■ Data entries:
[Start of Attachment]

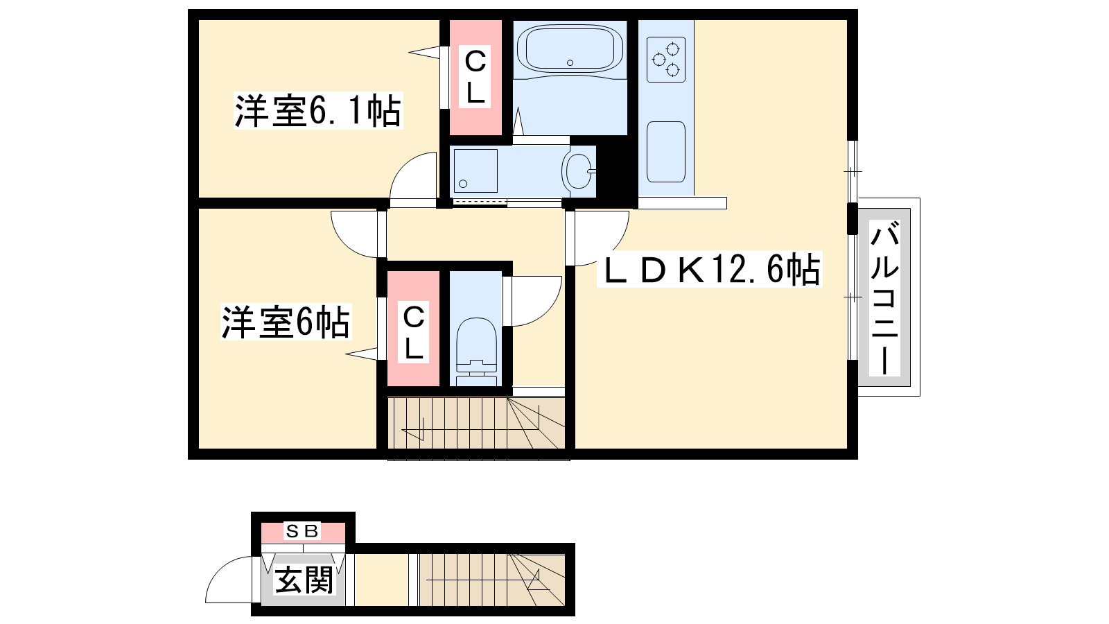 - LDK12.6帖、洋室6.1帖、洋室6帖
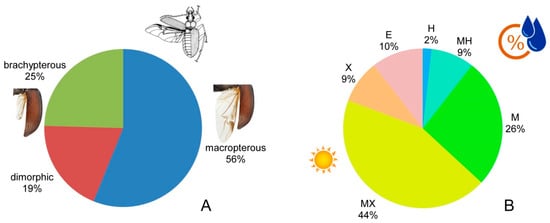 Wing morphology (A) and humidity preferences (B) of the ground beetles from the studied habitats in SCI BG0000322 “Dragoman”: H—hygrophilous; MH—mesohygrophilous; M—mesophilous; MX—mesoxerophilous; X—xerophilous; E—eurybiont.
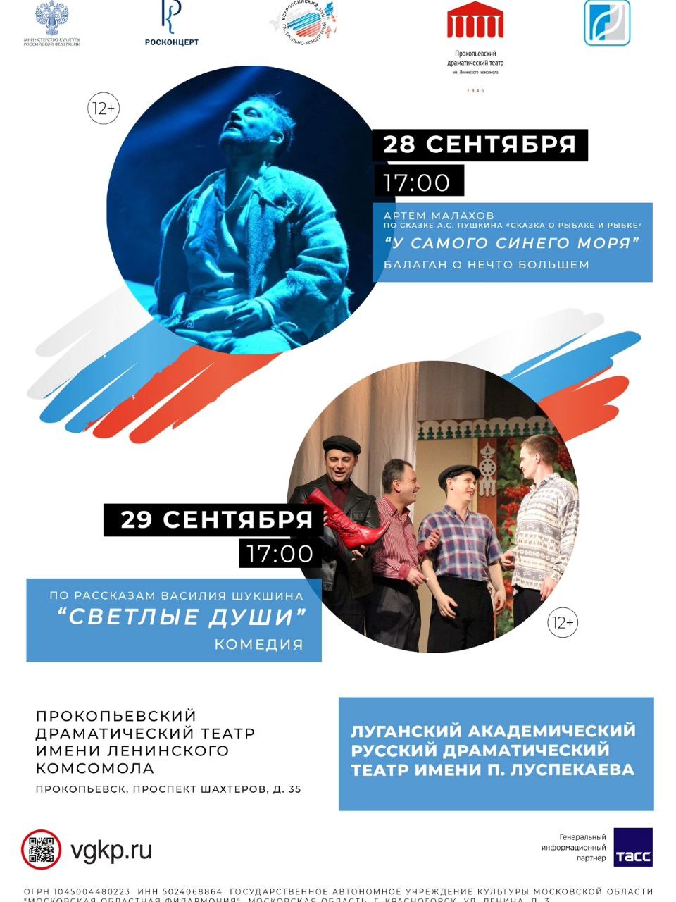 На сцене Прокопьевского Ленкома пройдут гастроли Луганского академического русского драматического театра имени П. ЛуспекаеваПрокопчане и гости города увидят два спектакля: «У самого синего моря» по сказке Александра Пушкина и «Светлые души» по рассказам Василия Шукшина. В постановках артисты труппы Луганского театра расскажут о золотой рыбке, глубинах миросозидания и мудрых чудаках.
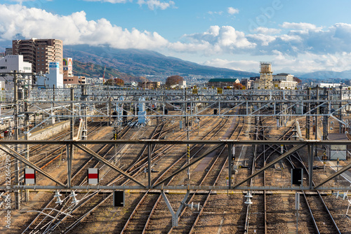 Train track line in Matsumoto Station, Japan
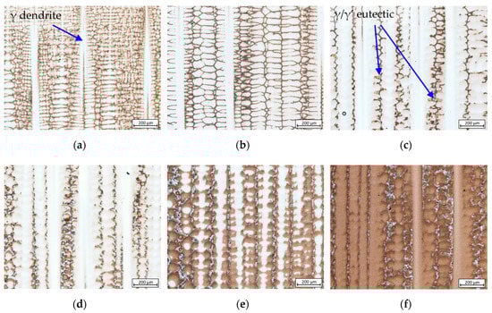 - Crystallization of γ matrix: at 1476.88–1521.15 K characterized by dendrite tips as seen in Figure 2a. According to the liquidus temperatures of 1610 K (CMSX-6 and CMSX-6+0.03C) and 1652 K (MAR-M247), the existence of undercooling by 103.27–134.26 K is evident since crystallization was initiated bellow the supposed temperatures.
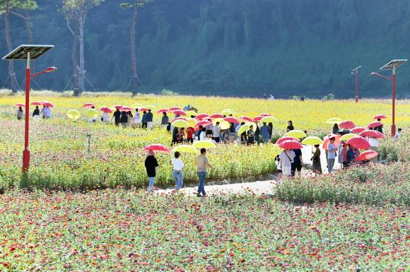 ‘산소카페 청송정원’은 지난 2021년 시범단지 개장을 거쳐 2022년 정식 개장된 이후, 매년 지역주민과 함께 백일홍 단지를 정성껏 가꿔왔다. 그 결과 매년 9월부터 10월까지 약 두 달간 10만 명이 넘는 관광객이 찾고 있으며, 특히 올해 추석 연휴 기간에는 5만 명 이상의 방문객이 몰려 문전성시(門前成市)를 이루었다.
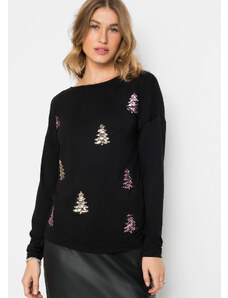 Bonprix Tričko s netopierími rukávmi a dierkovanou výšivkou, farba čierna
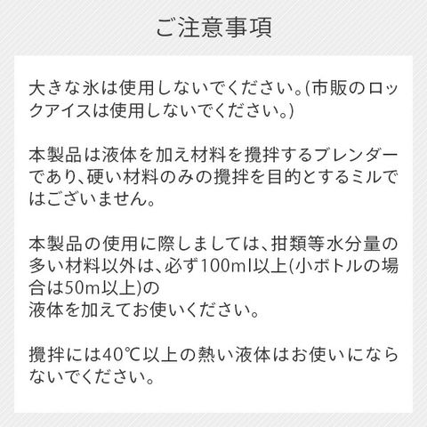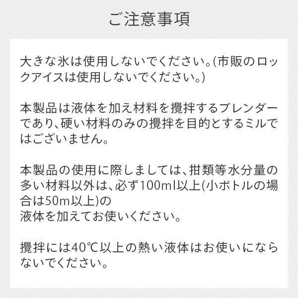 | 商品説明 | ●氷も砕くことのできるパワフルモータを採用したブレンダー。2つの回転速度で氷などの硬い食材から、野菜や果物などの柔らかい食材まで滑らかにすることが可能 ●200mlと400mlの2種類のボトルが付属!用途に合わせて容量を選ぶことができる ●回転スピード切り替え機能付き。低速・高速のワンタッチ切り替えボタンで好みや食材にフィットしたブレンディングが楽しめる(低速:約15000回転/分、高速:約19000回転/分) ●付属の2種類のボトルは円錐状でリブがついているため、ボトル内で食材がかくはんしやすい設計になっている ●安心・安全設計!Wスイッチ構造(安全機構)を採用することで、ボトルを正しくセットしないと動作しない仕様になっている 【仕様】 ●消費電力:280W ●電源:AC100V 50-60Hz ●回転スピード:低速(約15000回転/分)、高速(約19000回転/分) ●連続使用可能時間:1分間 ●コード長さ:2.0m ●容器容量:400ml×1、200ml×1 ●付属品:ブレードケース、大ボトル×1個、 小ボトル×1個、ドリンクリッド×2 、取扱説明書(保証書付き)、レシピブック |

[End of Attachment]

■ AIM OF THE EXERCISE:
Your answer is the exact run of lines above from the one with "На сцене Прокопьевского" through the one with "Train track line in Matsumoto Station, Japan", both ends included, minus any picture.

■ SOLUTION TO THE PROBLEM:
 На сцене Прокопьевского Ленкома пройдут гастроли Луганского академического русского драматического театра имени П. ЛуспекаеваПрокопчане и гости города увидят два спектакля: «У самого синего моря» по сказке Александра Пушкина и «Светлые души» по рассказам Василия Шукшина. В постановках артисты труппы Луганского театра расскажут о золотой рыбке, глубинах миросозидания и мудрых чудаках.
 Train track line in Matsumoto Station, Japan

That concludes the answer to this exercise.